#### Recorded data

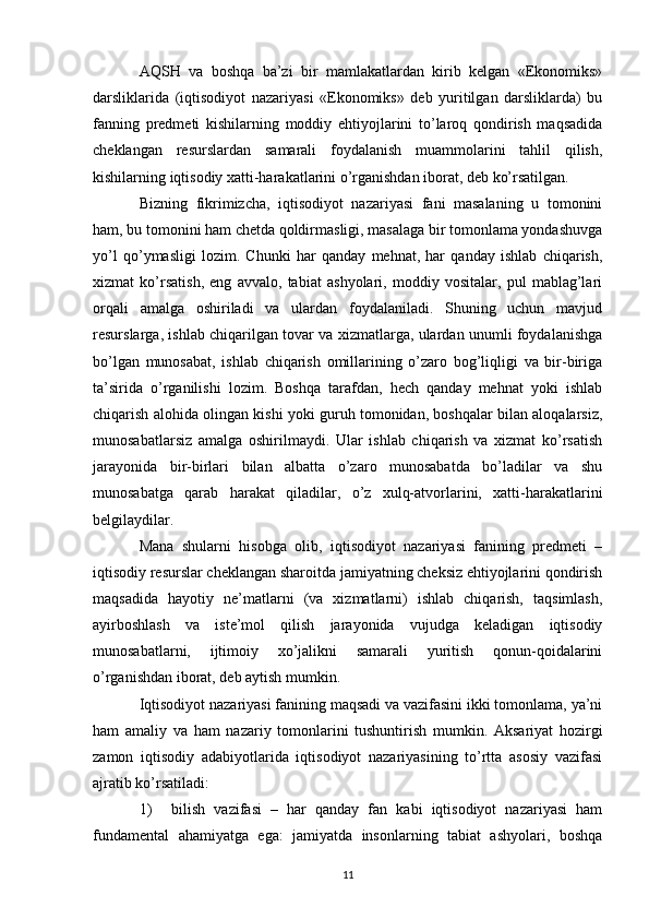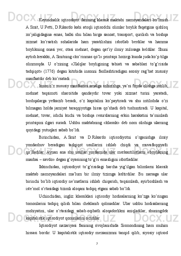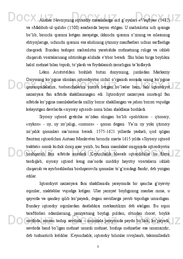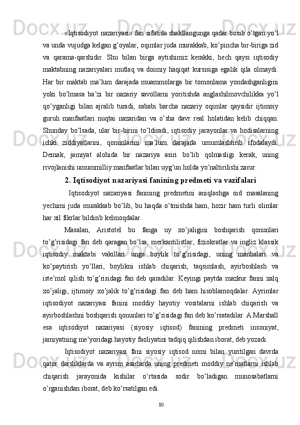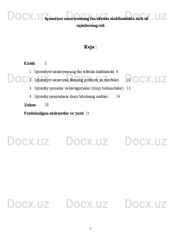 Iqtisodiyot nazariyasining fan sifatida shakllanishida turli xil oqimlarning roli
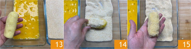 Ahora pasa la croqueta primero por el huevo batido 13 y luego por el pan rallado 14. A medida que estén listas 15, coloca las croquetas en una bandeja.
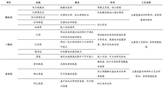 在鋰離子電池容量、循環性能、充放電電流密度等關鍵 性能的決定因素中,鋰離子電池隔膜角色不可小覷。因此,通常要求隔膜具有優異 的化學穩定性、熱穩定性和力學穩定性,并達到一致性和安全性等物理特征。穩定性主要受基材的影響,實現難度較低;一致性則主要有工藝決定,實現難度較高; 安全性由基材和工藝共同決定,實現難度亦較高。
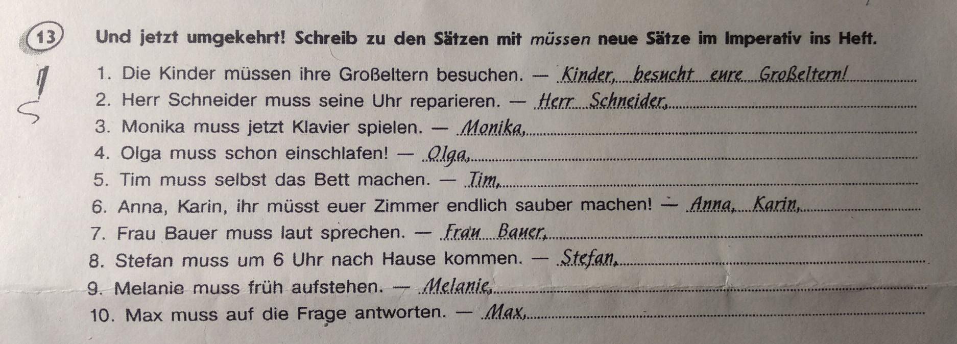 - - - Und jetzt umgekehrt! Schreib zu den Sätzen mit müssen neue Sätze im Imperativ ins Heft. 1. Die Kinder müssen ihre Großeltern besuchen. Kinder....besucht.euce...Greßeltern! 2. Herr Schneider muss seine Uhr reparieren. Herr Schneider, 3. Monika muss jetzt Klavier spielen. Monika.......... 4. Olga muss schon einschlafen! - Olga........... 5. Tim muss selbst das Bett machen. - Tim........ 6. Anna, Karin, ihr müsst euer Zimmer endlich sauber machen! - Anna, Karin 7. Frau Bauer muss laut sprechen. - Frau Bauer...... 8. Stefan muss um 6 Uhr nach Hause kommen. Stefan 9. Melanie muss früh aufstehen. Melanie... 10. Max muss auf die Frage antworten. - Max.............. -

########

Required action: Leave the pictures out and return the rest of the listing exactly.

Your response:
 Iqtisodiyot nazariyasining fan sifatida shakllanishida turli xil oqimlarning roli
 Ahora pasa la croqueta primero por el huevo batido 13 y luego por el pan rallado 14. A medida que estén listas 15, coloca las croquetas en una bandeja.
 在鋰離子電池容量、循環性能、充放電電流密度等關鍵 性能的決定因素中,鋰離子電池隔膜角色不可小覷。因此,通常要求隔膜具有優異 的化學穩定性、熱穩定性和力學穩定性,并達到一致性和安全性等物理特征。穩定性主要受基材的影響,實現難度較低;一致性則主要有工藝決定,實現難度較高; 安全性由基材和工藝共同決定,實現難度亦較高。
 - - - Und jetzt umgekehrt! Schreib zu den Sätzen mit müssen neue Sätze im Imperativ ins Heft. 1. Die Kinder müssen ihre Großeltern besuchen. Kinder....besucht.euce...Greßeltern! 2. Herr Schneider muss seine Uhr reparieren. Herr Schneider, 3. Monika muss jetzt Klavier spielen. Monika.......... 4. Olga muss schon einschlafen! - Olga........... 5. Tim muss selbst das Bett machen. - Tim........ 6. Anna, Karin, ihr müsst euer Zimmer endlich sauber machen! - Anna, Karin 7. Frau Bauer muss laut sprechen. - Frau Bauer...... 8. Stefan muss um 6 Uhr nach Hause kommen. Stefan 9. Melanie muss früh aufstehen. Melanie... 10. Max muss auf die Frage antworten. - Max.............. -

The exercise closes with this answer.